太郎は出家して月山養風と名乗り、葦草村(現川越市)の鈴法寺の
住職をしているとのこと。月山が「そちらに行きたい」というので、
「お安い御用」と引き受けた。翌9月3日、月山がやって来たので、
土地約1000坪を寄進し、10月には3間四方(9坪)のお堂を
建てて住まわせた。
以上が『仁君開村記』に記された内容です。「仁君」とは二代将軍徳川秀忠を
さしています。吉野織部之助は将軍を「仁君」と称え、将軍の意を受けて開村し、
名主となったことに感謝しているのです。

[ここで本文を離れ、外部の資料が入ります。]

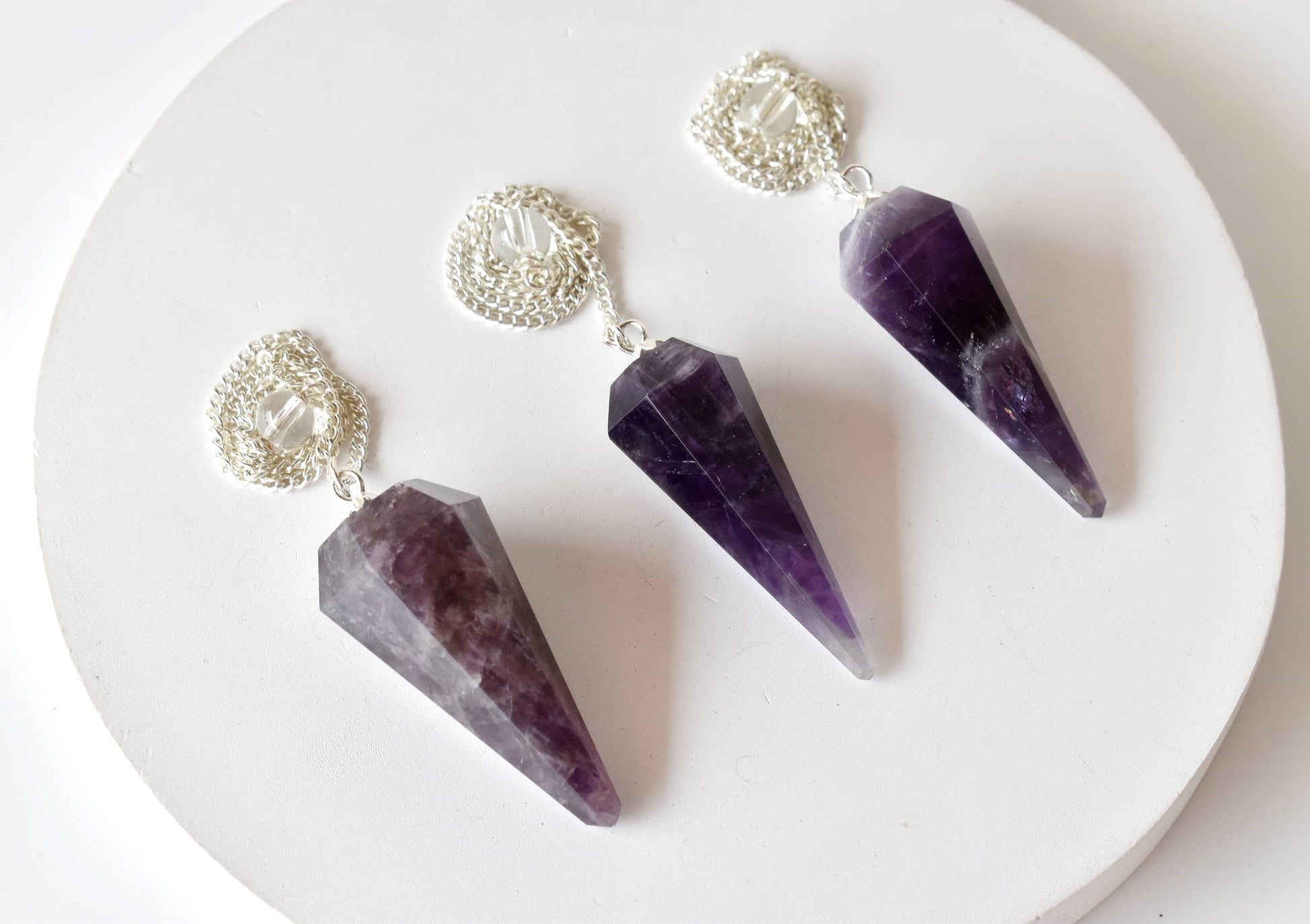 The Amethyst Faceted Pendulum is a beautiful and powerful tool for divination and spiritual healing. Made from high-quality amethyst crystal, this pendulum is perfect for those seeking clarity and guidance in their spiritual journey.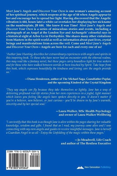 Meet Jane's Angels and Discover Your Own is one woman's amazing account of her spiritual journey, which reopens at the age of 44 when Angels appear to her and encourage her to spread her light. Having discovered that the Angelic vibration is 444, hours later a white car overtakes her displaying her nickname on the numberplate, JB 444. She knew it was Time! Meet Jane's Angels and Discover Your Own is a series of miraculous stories and events, including a photograph of an Angel at the London Eye and Archangels' colourful rays in a historical sight at Arbor Lo in Derbyshire. She shares many other visitations from Masters in the spirit world as well as information about past lives, crystal beings and manifestations from across the veil. Come and Meet Jane's Angels and Discover Your Own-Angels are here for each and every one of us! 'Author Jane Hunting describes her extraordinary experiences with angels and spirits in this inspiring book. To those who have never had an encounter with the ethereal realms, this may read like a fantasy novel, but these pages carry boundless light for true seekers and for those who have walked between worlds or been touched by Spirit. Take hope from this book, which expresses beautifully the kindness and loving care the angels provide us.' -Diana Henderson, author of The Michael Saga, Grandfather Poplar, and the upcoming Kindred of the Crystal Kingdom 'They say angels can fly because they take themselves so lightly. Jane has a way of delivering profound real-life stories from her own experiences in a joyful, light manner which leaves you feeling like angels have spoken directly to you. It doesn't matter if you're a believer, non believer, or just curious - you'll be drawn in by Jane's warmth, sincerity and by her special soul.' -Laura Walker, MSc Health Psychology and owner of Laura Walker Wellbeing 'I can testify that this book is as though Jane is alive within the pages sharing her valuable knowledge, wisdom and gifts. I found that as I read, my journey came alive and I was connecting with my own angels and guides to receive insightful messages. Jane is herself a Guardian Angel to us all - Enjoy the Unfolding of the magic within these pages.' -Jo Meadwell, Life Coach and author of The Restless Executive.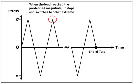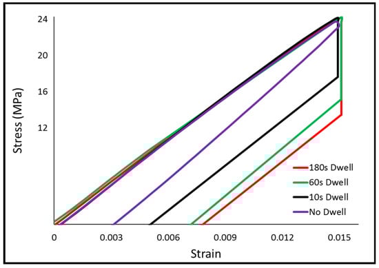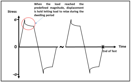 Two profiles are employed to explore the effects of creep and fatigue in addition to quantifying them. First, a stress-controlled cyclic fatigue test is implemented to examine fatigue effect only, as shown in Figure 5. Cyclic-defined stress is applied at a constant ramp rate of 0.1 mm/s on the solder joint and switched between stress extremes (positive and negative) until complete joint failure (no dwelling conditions). The second profile is of two parts: a stress-controlled followed by a strain-controlled condition, as shown in Figure 6. As soon as the predefined value of stress is reached (stress-controlled) at a positive extreme, the strain is held constant (strain-controlled) for a certain dwelling period. During this part, the material suffers from stress relaxation and/or creep; therefore, it is described as creep–relaxation. Once the dwelling is over, the joint is cycled (switched) to the negative stress extreme with the same conditions of stress and dwelling. The second test is utilized to explore the combined effects of creep and fatigue. The maximum dwelling was 180 s because negligible stress drop (damage) was observed after this duration.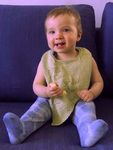 kuitenkin käytännöllistä. Nopeasti keksinkin neulesuunnitteluni kohteen: lapseni sotkee ruokalappuja nopeammin kuin ehdin niitä pestä,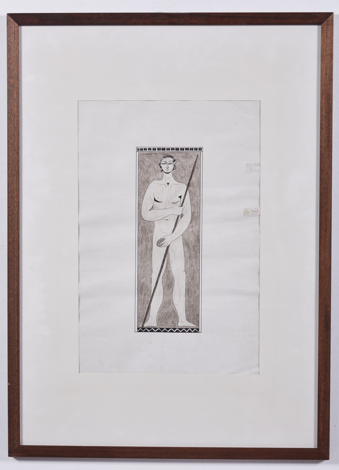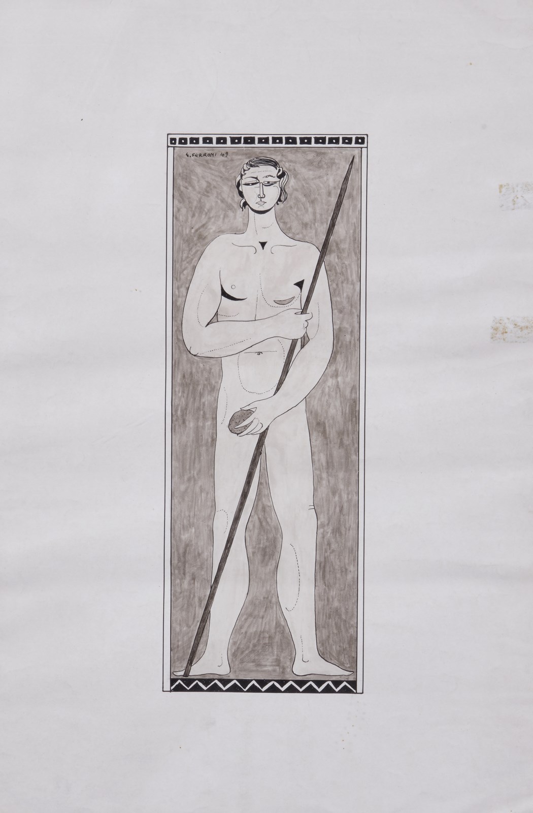 FERRONI GIANFRANCO (1927 - 2001) Senza titolo. Tecnica mista su carta. Cm 30,00 x 45,00. Firma e anno in alto a sinistra. Dimensione disegno: 30x11 cm. Difetti. Cornice presente
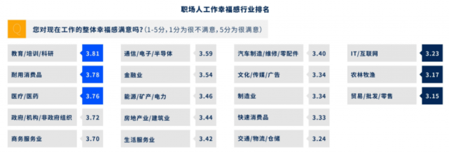 图:职场人幸福感行业排名(来源:脉脉数据研究院)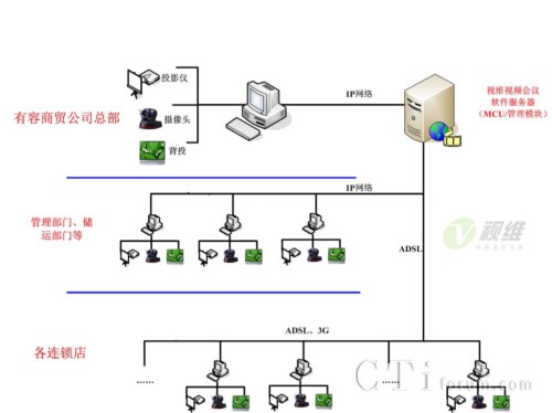 - 高性?xún)r(jià)比,1080P高清視頻會(huì)議系統(tǒng):充分利用有容商貿(mào)與各區(qū)域連鎖店現(xiàn)有的網(wǎng)絡(luò)資源和辦公設(shè)備,平民身價(jià)的視維高清視頻會(huì)議軟件系統(tǒng),以低廉的成本實(shí)現(xiàn)大規(guī)模的高清應(yīng)用。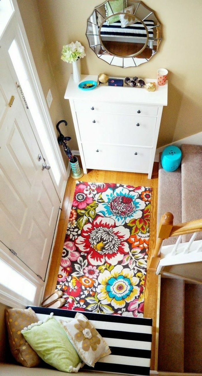 Flur ideen bunter teppich mit blumen muster resized

例の『慶長の掟』が、前書きに
「家康公関東入国の砌(みぎり)」としながら、末尾には「慶長19年正月」と
なっている謎ですが・・・。
「家康公の関東入国」は天正18年(1590)。小田原北条氏が滅び、
徳川幕府の下に江戸の開府と武蔵野の新田開拓が進められました。
そして24年後の慶長19年(1614)正月は青梅に鈴法寺が建てられて
3カ月後です。この時、寺として公認されたのでしょうか。
鈴法寺の成立経緯を暗に示しているようです。
鈴法寺の『過去帖』によれば、月山養風は第20世。開山は
「活総了」で鎌倉時代の1266年歿となっています。しかしこの
『過去帖』は江戸時代末に書かれたもので、普化宗が鎌倉時代に
日本に伝えられたとする伝承に合わせて、歴代住職を創作したもの
と思われます。
そもそも虚無僧は浪人の仮の姿で、門付け以外に収入は無いのですから、
寺などは建てられず、廃寺か無人のお堂に勝手に住みつくしかなかった
はずです。青梅に移る以前、葦草にあったという鈴法寺は果たして
寺としての要件を満たしていたのかは疑問です。
幸いにも月山は吉野氏に巡りあって寺を建ててもらった。しかし
寺といっても、わずか3間四方(9坪)のお堂でした。
吉野織部之助は、村ができれば寺も必要と、敷地3000坪に間口9間の
東禅寺を建てています。鈴法寺の三倍の規模です。
その後江戸時代の半ばには虚無僧の最盛期となり、鈴法寺は、
江戸に番所(出張所)を出し、下総の一月寺とともに幕府との窓口役である
虚無僧本寺になります。しかしやがて虚無僧の横暴、堕落が問題となり、
弘化4年(1847)幕府は御触書を出して虚無僧の粛清を図ります。
これによって虚無僧の数も減り、鈴法寺も幕末には無住となりました。